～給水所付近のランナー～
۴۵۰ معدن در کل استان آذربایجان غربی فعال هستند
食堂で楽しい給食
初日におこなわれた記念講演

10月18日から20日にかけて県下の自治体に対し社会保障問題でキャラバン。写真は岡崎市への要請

#####

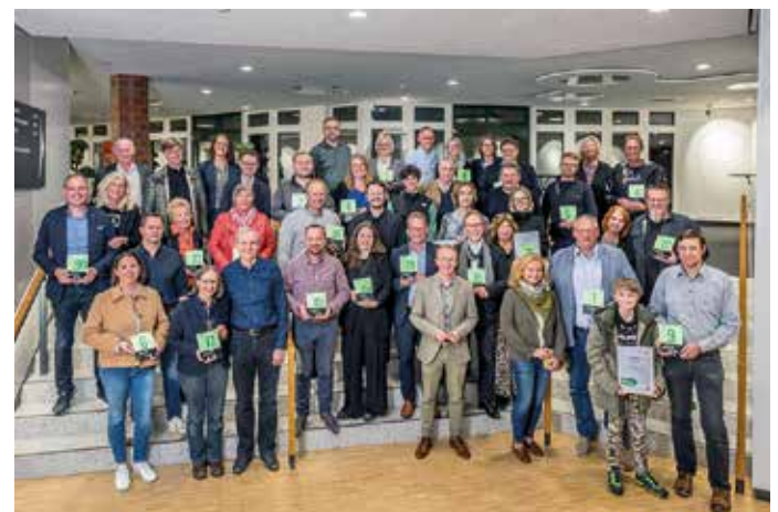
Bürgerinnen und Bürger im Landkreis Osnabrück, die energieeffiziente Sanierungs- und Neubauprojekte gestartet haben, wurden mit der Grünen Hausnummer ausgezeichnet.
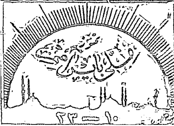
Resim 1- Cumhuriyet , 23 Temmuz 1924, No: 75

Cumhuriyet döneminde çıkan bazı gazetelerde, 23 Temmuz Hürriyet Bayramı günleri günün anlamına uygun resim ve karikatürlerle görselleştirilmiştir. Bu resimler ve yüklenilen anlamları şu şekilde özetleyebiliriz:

#####

Activity: Exactly the lines above from the one that contains "Bürgerinnen und Bürger" down to the one that contains "Cumhuriyet döneminde çıkan" are to be output, both ends kept and pictures omitted.

Expected answer:
Bürgerinnen und Bürger im Landkreis Osnabrück, die energieeffiziente Sanierungs- und Neubauprojekte gestartet haben, wurden mit der Grünen Hausnummer ausgezeichnet.
Resim 1- Cumhuriyet , 23 Temmuz 1924, No: 75

Cumhuriyet döneminde çıkan bazı gazetelerde, 23 Temmuz Hürriyet Bayramı günleri günün anlamına uygun resim ve karikatürlerle görselleştirilmiştir. Bu resimler ve yüklenilen anlamları şu şekilde özetleyebiliriz:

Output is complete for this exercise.